The study observed that SOS (R = 0.76) is more sensitive than EOS (R = 0.22) to the impact of precipitation. Zeppel et al. [89] suggested that seasonal changes in precipitation in cold seasons might have a greater effect than similar changes in warm seasons. This is partially because precipitation is the main factor controlling vegetation growth in arid regions [78]. In spring, when vegetation is recovering from its dormancy period, a reduction in precipitation triggers water stress in plants, thereby retarding the development of vegetation; however, there is no apparent effect in autumn or winter [89].
Findings show that the phenology of vegetation with late SOS has a stronger negative correlation with soil moisture (R = −0.64), consistent with previous research [90]. Soil moisture throughout the entire growing season is positively correlated with LOS (R = 0.67). The growth of vegetation entails substantial depletion of soil water, which is essential to sustain the burgeoning stages, particularly during the transition to the flowering stage [13]. The earlier onset of vegetation growth induces moisture decline, which exacerbates the reduction in surface evaporative cooling [13]. The observed SOS shifts on the LP are associated with the changes in soil moisture resulting from spring sowing, which is responsible for substantial water consumption in arid and semiarid regions. Moreover, this sowing pattern can coincide with limited precipitation (i.e., severe drought in spring) in the northern regions of the LP, resulting in enhanced soil moisture decline as reported by Lian et al. [13]. In turn, these SOS shifts can consequently influence the accuracy of forecasts of summer climactic change.
This study selected two indicators (i.e., ANL and ISP) to investigate the influence of anthropogenic factors on phenological change (Figure 11 and Figure 12). It is noted that urbanization has a stronger impact on SOS compared to EOS and LOS. This is consistent with the study investigated by Yao et al. [91]. High-correlation areas are concentrated along the riverbanks (e.g., the Fenhe and Weihe Rivers), coinciding with significant human activity.

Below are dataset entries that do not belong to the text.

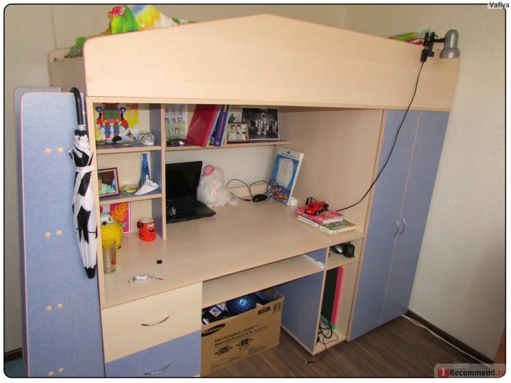 Главным плюсом модели кровать-чердак является возможность экономии пространства под постелью, которое можно использовать как для игр, так и для оформления места для занятий.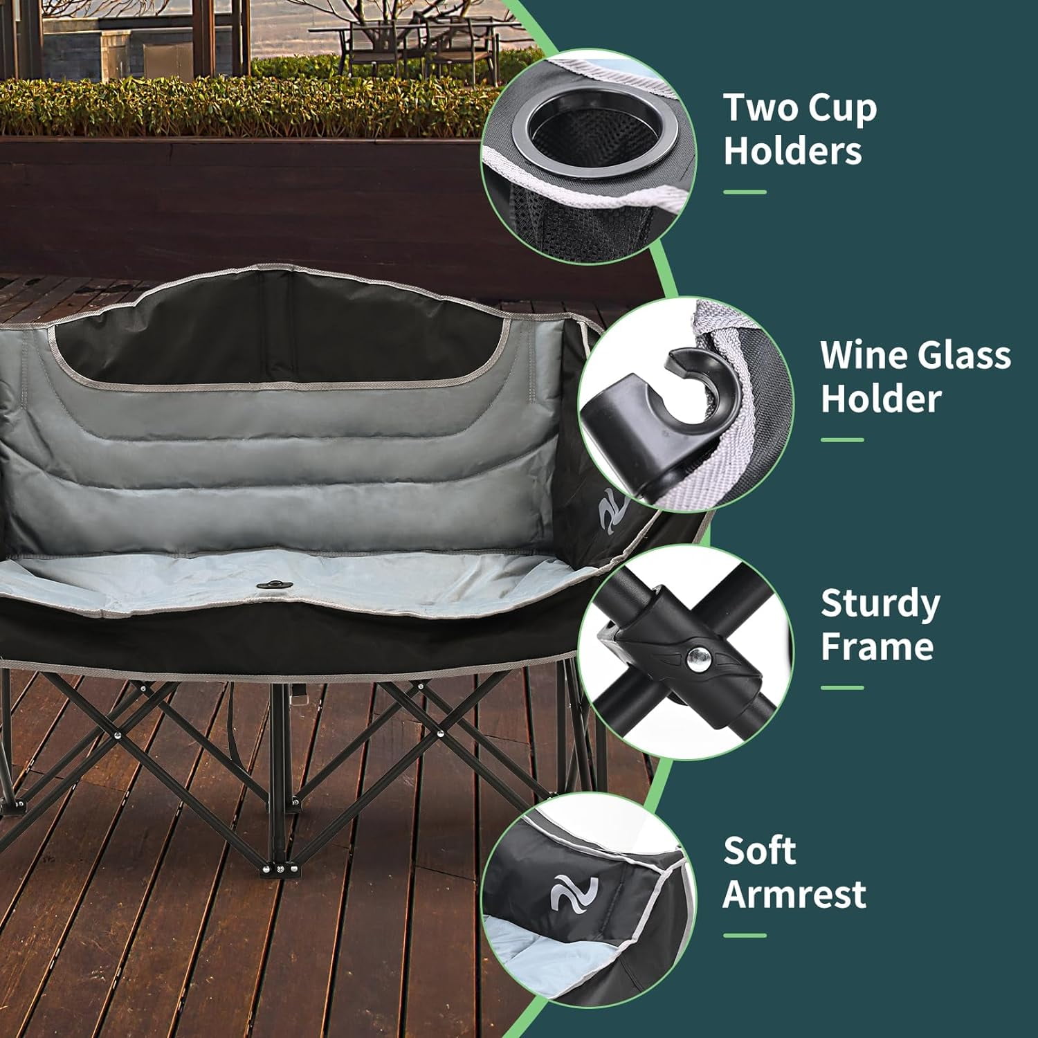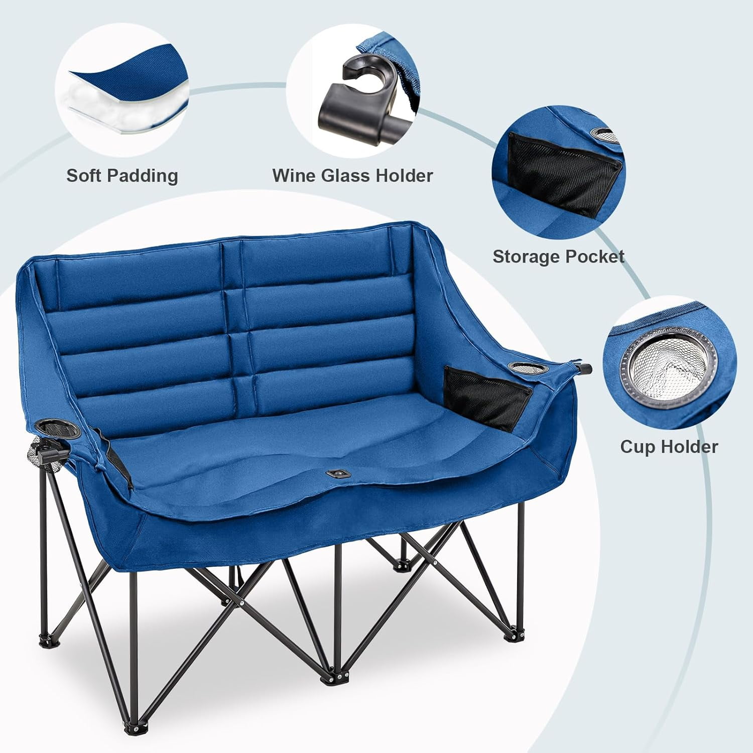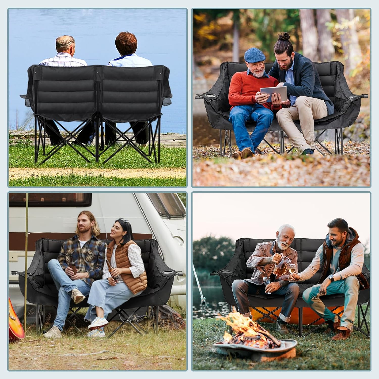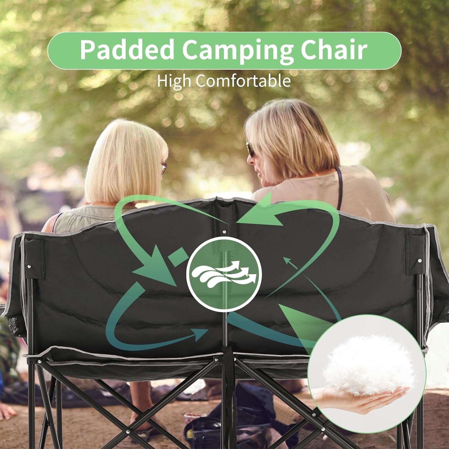 NAIZEA Double Camping Chair – Oversized Loveseat,Camping Chairs for Adults Heavy Duty,Camping Couch,Folding Chair Patio-Supports up to 600 LBS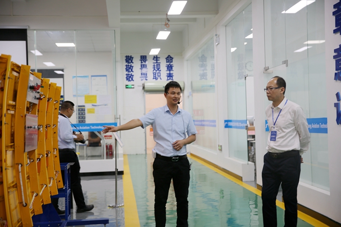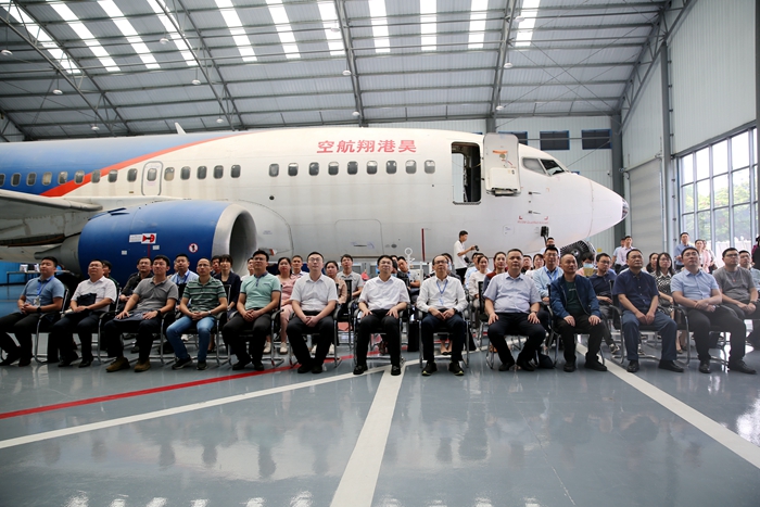 陸曉明副廳長及學員們在我院領導陪同下觀看飛機維修解說

This confirms that urbanization and agriculture are the major anthropogenic factors that contribute to phenological change by altering local climatic conditions (e.g., the urban heat island effect), land surface features, and hydrological and environmental cycles [92,93]. It has been proven that the rate of warming depends on the variation of urban and rural circumstances in most areas, the changes in urban temperature and precipitation associated with anthropogenic gas emissions, building density, and population distribution [94]. Regional urbanization-related processes alter the underlying surfaces and lead to a heterogeneous spatial distribution of vegetation types across the land surface [95], thereby manifesting distinct phenological responses.

6. Conclusions

This study investigated the vegetation phenology changes on the Loess Plateau during 2003–2022 and elucidated the primary drivers. It shows a noticeable vegetation greening with an evident spatiotemporal characteristic. SOS and EOS were mainly within 100–150 and 285–320 days, respectively. Clear variations of phenological shifts emerged at the regional scale; the southeastern and northwestern regions exhibited a notable change with advanced SOS, delayed EOS, and prolonged LOS. Overall, the cropland proportions of SOS and EOS indicate significant seasonal shift changes in Loess Plateau. Grasslands with an SOS of less than 80 days have exhibited the most significant changes over the past twenty years. The primary controlling factors that influence SOS, EOS, and LOS are precipitation, temperature, and soil moisture, respectively. Rising temperatures and precipitation can result in earlier SOS and later EOS. Preseason climatic conditions have a lagged effect on phenology. Anthropogenic-induced drivers also have a role, i.e., urbanization contributes to the spatial changes of vegetation phenology, and specific mechanisms are needed to further investigate.
This study enhances our knowledge of how vegetation phenology responds to the temporal dynamics across ecosystems on the Loess Plateau. However, there are some uncertainties associated with the methods and data utilized in this study. Despite the EVI undergoing atmospheric correction, it can still contain uncertainties in areas with cloud cover or substantial atmospheric variations. Moreover, the resolution of the data used might be inadequate for detecting subtle variations in vegetation growth at smaller scales and/or over short timescales. In future work, comprehensive integration of a suite of observational and remote sensing data will build up an understanding of the patterns and drivers of vegetation phenology in a changing environment.

Author Contributions

Methodology, T.W.; software, T.W., X.X., X.C. and S.L.; data processing, T.W., X.C. and X.X.; writing—original draft, T.W.; writing—review and editing, T.W., X.X., X.C., S.L., D.K., Y.Z., Y.T., Y.C., J.Z. and G.Z.; conceptualization, S.L., J.Z. and G.Z. All authors have read and agreed to the published version of the manuscript.

Funding

This research is jointly funded by the National Natural Science Foundation of China (42101038 and 42201086), the Natural Science Foundation of Shandong Province (ZR2019BD059), and the Natural Science Foundation of the Ningxia Hui Autonomous Region (2022AAC03668). The authors thank the China Scholarship Council (202308060113) for sponsoring Shixuan Lyu.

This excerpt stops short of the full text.